The RecQΔC structure shows that the RecQ-Ct region comprises two conserved subdomains. The first forms a platform of helices that is sandwiched between the helicase subdomains of RecQΔC and the rest of the RecQ-Ct region (Figures 1C and 3A). Inspection of the electron density map revealed that the side chains from four highly conserved cysteine residues at the ends of two of these helices were arrayed around a single intense electron density peak. This peak was modeled as a Zn2+ ion since X-ray fluorescence experiments demonstrated that Zn2+ was present in the crystals in spite of its exclusion from any solutions used to purify or crystallize RecQΔC (data not shown). A second indication that this electron density peak identified a bound Zn2+ ion came from biochemical analysis of E.coli RecQ (Figure 3B). In these experiments, the Zn2+ content and the number of solvent-accessible thiol groups in E.coli RecQ were analyzed. The results indicated that E.coli RecQ copurifies with stoichiometric amounts of Zn2+. In addition, dialysis of E.coli RecQ against DTT and EDTA removed ∼2/3 of the bound Zn2+ and uncovered an additional 3–4 solvent-accessible thiol groups, consistent with the Zn2+ binding site being comprised of 3–4 cysteines near the surface of RecQ. These biochemical data correlate well with the observed binding site in the structure.

Figure 3.

Features of the Zn2+-binding subdomain in RecQΔC. (A) View of the Zn2+-binding subdomain (residues 341–406) extracted from the rest of RecQΔC. Four highly conserved cysteine residues (Cys380, Cys397, Cys400, Cys403) are arrayed around a Zn2+ ion (magenta). Two BLM missense mutations alter individual cysteines in this array as labeled. The N- and C-terminal residues that connect to the helicase and WH subdomains, respectively, are labeled. (B) Biochemical evidence that full-length E.coli RecQ binds Zn2+ in a site that includes 3–4 cysteine residues. [Zn2+] and [thiolfree] were determined for E.coli RecQ and E.coli RecQ that was dialyzed against 10 mM EDTA, 1 mM DTT to extract bound Zn2+.

Given the strong conservation of the Zn2+-binding site among RecQ proteins (Figure 1B), it is perhaps not surprising that functional analyses have shown this region to be important for RecQ function. BLM missense mutation sites in the RecQ-Ct region mutate codons for cysteine residues in BLM protein that are analogous to residues 380 or 397 in E.coli RecQ (Ellis et al., 1995; Foucault et al., 1997; see discussion below).

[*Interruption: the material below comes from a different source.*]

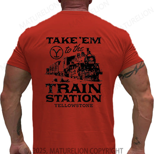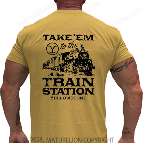 Maturelion Men's T-shirt Take'em To The Train Station Yellowstone Cotton T-shirt

In addition, mutated S.cerevisiae SGS1 genes fail to complement the DNA-damage sensitivity and hyperrecombination phenotypes in an sgs1Δ strain when any of the analogous Zn2+-binding site cysteine residues have been altered (Onoda et al., 2000; Ui et al., 2001). Finally, a number of point mutations in residues analogous to RecQΔC Zn2+-liganding cysteines in either the human BLM protein catalytic core (Janscak et al., 2003) or in E.coli RecQ (M.C.Zittel and J.L.Keck, unpublished observation) result in variants that are difficult to purify due perhaps to rapid proteolysis, indicating that Zn2+ binding to this region may stabilize the protein. The RecQ Zn2+-binding motif is unlike previously observed zinc finger folds (Krishna et al., 2003), and does not have substantial structural similarity with any other known proteins. Future experiments will therefore be needed to determine its specific function in RecQ. Potential functions could include thermodynamic stabilization of the protein and/or acting as a DNA or protein binding site, all of which have been observed for Zn2+-binding domains in other proteins (Berg and Shi, 1996).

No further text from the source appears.